**EXERCISE AIM**. What is needed is an exact retyping of the records below, from the first line through the line that contains "Notes for ARNOLD".

**DATA TO EXAMINE**.
+ + + + +

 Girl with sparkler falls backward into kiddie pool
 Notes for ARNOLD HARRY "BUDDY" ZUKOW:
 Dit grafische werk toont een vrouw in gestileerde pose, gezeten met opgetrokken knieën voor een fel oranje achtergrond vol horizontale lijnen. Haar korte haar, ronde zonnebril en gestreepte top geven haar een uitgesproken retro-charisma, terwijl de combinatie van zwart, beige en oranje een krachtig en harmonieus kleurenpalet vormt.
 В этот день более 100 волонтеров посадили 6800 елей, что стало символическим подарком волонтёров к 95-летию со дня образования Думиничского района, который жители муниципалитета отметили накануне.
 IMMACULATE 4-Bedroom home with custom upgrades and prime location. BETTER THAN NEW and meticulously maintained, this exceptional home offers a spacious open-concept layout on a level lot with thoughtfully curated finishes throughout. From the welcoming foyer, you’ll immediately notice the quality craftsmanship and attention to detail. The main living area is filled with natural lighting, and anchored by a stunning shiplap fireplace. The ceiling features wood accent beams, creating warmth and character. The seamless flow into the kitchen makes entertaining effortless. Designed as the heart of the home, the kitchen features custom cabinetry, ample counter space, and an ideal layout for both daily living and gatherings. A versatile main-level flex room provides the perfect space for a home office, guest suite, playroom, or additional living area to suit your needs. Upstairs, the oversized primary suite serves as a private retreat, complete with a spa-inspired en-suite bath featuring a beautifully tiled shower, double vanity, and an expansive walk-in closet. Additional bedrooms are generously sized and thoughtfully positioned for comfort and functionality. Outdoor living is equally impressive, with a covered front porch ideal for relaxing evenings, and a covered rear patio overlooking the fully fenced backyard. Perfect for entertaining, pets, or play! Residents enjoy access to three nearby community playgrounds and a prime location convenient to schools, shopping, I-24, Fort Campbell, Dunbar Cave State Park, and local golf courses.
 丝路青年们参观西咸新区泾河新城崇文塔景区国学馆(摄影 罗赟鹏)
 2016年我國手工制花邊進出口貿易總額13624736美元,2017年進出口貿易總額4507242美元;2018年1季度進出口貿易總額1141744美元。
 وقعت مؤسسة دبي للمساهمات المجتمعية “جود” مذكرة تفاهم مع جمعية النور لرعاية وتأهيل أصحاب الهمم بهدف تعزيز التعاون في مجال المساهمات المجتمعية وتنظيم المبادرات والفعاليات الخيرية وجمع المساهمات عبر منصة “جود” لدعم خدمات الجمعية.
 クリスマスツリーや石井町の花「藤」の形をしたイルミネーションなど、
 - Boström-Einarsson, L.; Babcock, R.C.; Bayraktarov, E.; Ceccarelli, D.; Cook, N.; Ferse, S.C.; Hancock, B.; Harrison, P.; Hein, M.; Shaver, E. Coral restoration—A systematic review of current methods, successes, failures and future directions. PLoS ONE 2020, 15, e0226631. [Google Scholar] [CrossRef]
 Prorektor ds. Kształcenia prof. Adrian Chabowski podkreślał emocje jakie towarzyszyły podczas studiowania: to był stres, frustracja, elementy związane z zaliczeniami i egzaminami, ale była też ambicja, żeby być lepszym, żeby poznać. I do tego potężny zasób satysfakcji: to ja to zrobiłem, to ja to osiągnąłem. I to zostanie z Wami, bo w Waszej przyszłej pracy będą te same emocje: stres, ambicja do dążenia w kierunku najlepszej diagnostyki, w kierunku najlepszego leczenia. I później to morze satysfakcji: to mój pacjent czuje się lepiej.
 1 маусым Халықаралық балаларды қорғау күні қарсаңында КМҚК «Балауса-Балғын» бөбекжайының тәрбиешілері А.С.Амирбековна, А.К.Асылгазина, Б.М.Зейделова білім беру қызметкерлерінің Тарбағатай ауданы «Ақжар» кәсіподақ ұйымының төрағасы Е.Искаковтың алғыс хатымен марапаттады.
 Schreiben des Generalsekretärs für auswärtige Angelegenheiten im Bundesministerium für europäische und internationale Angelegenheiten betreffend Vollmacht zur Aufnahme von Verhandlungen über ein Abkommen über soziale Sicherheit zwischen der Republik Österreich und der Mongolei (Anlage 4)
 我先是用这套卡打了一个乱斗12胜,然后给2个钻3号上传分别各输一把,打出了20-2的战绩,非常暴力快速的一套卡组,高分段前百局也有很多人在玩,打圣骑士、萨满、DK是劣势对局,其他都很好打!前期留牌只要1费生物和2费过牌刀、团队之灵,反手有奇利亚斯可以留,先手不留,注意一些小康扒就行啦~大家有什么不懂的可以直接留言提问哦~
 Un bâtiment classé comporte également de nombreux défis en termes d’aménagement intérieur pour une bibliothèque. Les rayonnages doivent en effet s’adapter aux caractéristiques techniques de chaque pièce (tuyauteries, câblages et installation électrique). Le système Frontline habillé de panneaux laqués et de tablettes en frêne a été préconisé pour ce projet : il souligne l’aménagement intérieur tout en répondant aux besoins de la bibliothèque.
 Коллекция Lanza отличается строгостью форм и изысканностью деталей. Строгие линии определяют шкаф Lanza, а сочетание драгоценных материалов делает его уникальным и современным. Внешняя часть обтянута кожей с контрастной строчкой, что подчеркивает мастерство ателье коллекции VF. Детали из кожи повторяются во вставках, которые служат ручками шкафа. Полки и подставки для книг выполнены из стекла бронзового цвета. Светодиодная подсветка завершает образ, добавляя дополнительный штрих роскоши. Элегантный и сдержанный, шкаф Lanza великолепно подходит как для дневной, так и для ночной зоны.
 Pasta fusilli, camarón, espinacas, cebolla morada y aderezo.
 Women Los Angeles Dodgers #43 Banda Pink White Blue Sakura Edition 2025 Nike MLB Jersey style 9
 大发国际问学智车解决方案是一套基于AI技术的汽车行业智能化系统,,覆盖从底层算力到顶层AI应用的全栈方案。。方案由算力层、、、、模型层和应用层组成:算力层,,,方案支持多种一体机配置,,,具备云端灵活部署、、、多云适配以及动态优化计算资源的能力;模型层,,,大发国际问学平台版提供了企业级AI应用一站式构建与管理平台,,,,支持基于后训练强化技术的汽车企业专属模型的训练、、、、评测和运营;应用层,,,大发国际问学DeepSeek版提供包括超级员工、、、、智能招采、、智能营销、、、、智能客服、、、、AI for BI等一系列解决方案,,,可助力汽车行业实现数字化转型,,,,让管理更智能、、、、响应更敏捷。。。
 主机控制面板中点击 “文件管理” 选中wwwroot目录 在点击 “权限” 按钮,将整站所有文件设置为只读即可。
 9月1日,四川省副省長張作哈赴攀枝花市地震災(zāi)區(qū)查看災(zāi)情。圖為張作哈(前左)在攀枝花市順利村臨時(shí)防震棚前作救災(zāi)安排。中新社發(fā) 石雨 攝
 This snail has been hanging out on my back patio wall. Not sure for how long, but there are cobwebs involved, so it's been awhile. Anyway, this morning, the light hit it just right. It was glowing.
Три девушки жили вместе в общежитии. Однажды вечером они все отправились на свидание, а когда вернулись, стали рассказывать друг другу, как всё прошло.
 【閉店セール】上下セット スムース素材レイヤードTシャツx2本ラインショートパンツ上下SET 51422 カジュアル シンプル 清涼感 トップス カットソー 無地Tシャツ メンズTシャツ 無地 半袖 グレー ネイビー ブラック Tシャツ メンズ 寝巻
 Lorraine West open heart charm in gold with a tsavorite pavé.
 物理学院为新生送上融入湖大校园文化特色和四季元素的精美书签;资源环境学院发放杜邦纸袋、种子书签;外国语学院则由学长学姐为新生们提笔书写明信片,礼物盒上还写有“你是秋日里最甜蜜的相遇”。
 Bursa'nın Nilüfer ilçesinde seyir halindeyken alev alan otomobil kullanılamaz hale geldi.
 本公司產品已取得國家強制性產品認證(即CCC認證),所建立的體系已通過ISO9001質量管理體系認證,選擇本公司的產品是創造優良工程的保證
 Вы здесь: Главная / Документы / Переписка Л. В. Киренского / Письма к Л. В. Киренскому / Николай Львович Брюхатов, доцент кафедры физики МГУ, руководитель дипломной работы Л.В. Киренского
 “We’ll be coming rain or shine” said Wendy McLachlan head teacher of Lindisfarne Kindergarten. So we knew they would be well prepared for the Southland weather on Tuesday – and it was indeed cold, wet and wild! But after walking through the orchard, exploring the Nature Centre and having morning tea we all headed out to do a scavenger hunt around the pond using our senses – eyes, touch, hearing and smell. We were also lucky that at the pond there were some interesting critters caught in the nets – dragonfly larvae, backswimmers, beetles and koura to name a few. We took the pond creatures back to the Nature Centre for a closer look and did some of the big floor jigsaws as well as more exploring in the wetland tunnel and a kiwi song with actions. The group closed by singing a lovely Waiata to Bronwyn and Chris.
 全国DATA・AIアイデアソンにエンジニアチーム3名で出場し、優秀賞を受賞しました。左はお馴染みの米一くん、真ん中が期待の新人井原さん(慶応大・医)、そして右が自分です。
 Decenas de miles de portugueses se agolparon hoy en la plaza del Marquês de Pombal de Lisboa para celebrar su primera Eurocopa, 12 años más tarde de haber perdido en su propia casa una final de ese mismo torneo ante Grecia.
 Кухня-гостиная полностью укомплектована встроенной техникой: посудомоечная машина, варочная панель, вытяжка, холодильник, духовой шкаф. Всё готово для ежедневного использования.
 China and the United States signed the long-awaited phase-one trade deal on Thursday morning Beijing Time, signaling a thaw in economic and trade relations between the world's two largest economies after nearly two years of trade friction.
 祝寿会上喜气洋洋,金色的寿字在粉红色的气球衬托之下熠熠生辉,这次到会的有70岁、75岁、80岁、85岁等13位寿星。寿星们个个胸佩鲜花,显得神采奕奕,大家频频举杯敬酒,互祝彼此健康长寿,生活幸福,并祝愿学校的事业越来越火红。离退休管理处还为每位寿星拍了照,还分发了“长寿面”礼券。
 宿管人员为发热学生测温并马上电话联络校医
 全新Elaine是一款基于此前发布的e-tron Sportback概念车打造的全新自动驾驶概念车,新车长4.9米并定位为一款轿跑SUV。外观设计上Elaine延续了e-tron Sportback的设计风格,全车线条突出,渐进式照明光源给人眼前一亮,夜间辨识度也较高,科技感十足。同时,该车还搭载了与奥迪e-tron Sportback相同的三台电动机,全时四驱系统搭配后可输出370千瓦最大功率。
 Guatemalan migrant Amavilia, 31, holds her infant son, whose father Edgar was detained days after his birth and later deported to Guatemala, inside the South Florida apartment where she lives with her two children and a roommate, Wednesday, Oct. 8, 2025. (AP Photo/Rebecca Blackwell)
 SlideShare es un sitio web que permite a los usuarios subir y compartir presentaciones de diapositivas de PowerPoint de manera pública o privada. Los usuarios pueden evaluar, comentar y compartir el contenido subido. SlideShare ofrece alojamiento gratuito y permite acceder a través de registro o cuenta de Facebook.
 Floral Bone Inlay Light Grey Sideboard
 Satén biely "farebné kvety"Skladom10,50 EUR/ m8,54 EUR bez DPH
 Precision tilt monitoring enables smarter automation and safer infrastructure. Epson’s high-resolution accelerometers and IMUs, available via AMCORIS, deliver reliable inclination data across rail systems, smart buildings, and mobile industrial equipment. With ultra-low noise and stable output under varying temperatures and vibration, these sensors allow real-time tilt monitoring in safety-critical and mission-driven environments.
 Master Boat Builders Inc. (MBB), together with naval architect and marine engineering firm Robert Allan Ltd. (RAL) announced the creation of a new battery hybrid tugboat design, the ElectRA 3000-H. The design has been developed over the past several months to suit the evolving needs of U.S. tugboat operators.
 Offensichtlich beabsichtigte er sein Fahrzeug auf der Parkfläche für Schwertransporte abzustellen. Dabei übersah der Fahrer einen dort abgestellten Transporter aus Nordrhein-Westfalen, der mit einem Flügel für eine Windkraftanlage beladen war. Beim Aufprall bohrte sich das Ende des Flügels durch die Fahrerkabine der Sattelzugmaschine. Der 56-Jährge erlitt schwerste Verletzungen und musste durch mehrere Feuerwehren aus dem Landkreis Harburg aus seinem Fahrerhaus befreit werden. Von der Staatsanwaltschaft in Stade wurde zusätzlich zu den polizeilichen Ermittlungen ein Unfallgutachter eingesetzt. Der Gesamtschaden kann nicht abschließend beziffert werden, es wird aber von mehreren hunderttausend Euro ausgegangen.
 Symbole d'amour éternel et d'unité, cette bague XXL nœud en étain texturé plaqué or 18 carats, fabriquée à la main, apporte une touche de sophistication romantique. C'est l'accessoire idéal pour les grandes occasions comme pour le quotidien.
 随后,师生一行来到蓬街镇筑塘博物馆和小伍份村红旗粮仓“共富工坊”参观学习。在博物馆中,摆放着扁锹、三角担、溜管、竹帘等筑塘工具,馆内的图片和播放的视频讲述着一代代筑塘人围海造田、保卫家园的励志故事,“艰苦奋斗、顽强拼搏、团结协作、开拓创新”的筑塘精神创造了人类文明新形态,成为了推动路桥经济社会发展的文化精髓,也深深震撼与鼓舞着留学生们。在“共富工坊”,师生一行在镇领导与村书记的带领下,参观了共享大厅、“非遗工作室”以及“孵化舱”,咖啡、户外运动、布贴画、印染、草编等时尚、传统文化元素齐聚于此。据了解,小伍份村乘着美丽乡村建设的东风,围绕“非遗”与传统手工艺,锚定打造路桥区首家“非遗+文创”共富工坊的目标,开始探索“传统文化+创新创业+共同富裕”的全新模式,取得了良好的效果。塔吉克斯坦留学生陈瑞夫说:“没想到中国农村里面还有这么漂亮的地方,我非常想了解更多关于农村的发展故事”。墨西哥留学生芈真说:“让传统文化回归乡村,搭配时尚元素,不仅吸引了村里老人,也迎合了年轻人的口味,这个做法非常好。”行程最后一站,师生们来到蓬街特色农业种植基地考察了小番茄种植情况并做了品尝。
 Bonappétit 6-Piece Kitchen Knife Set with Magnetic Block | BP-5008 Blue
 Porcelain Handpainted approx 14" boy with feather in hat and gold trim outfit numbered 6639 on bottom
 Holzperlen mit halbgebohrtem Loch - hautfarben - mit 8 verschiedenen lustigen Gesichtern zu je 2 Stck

+ + + + +

**ANSWER FOR THIS EXERCISE**.
 Girl with sparkler falls backward into kiddie pool
 Notes for ARNOLD HARRY "BUDDY" ZUKOW:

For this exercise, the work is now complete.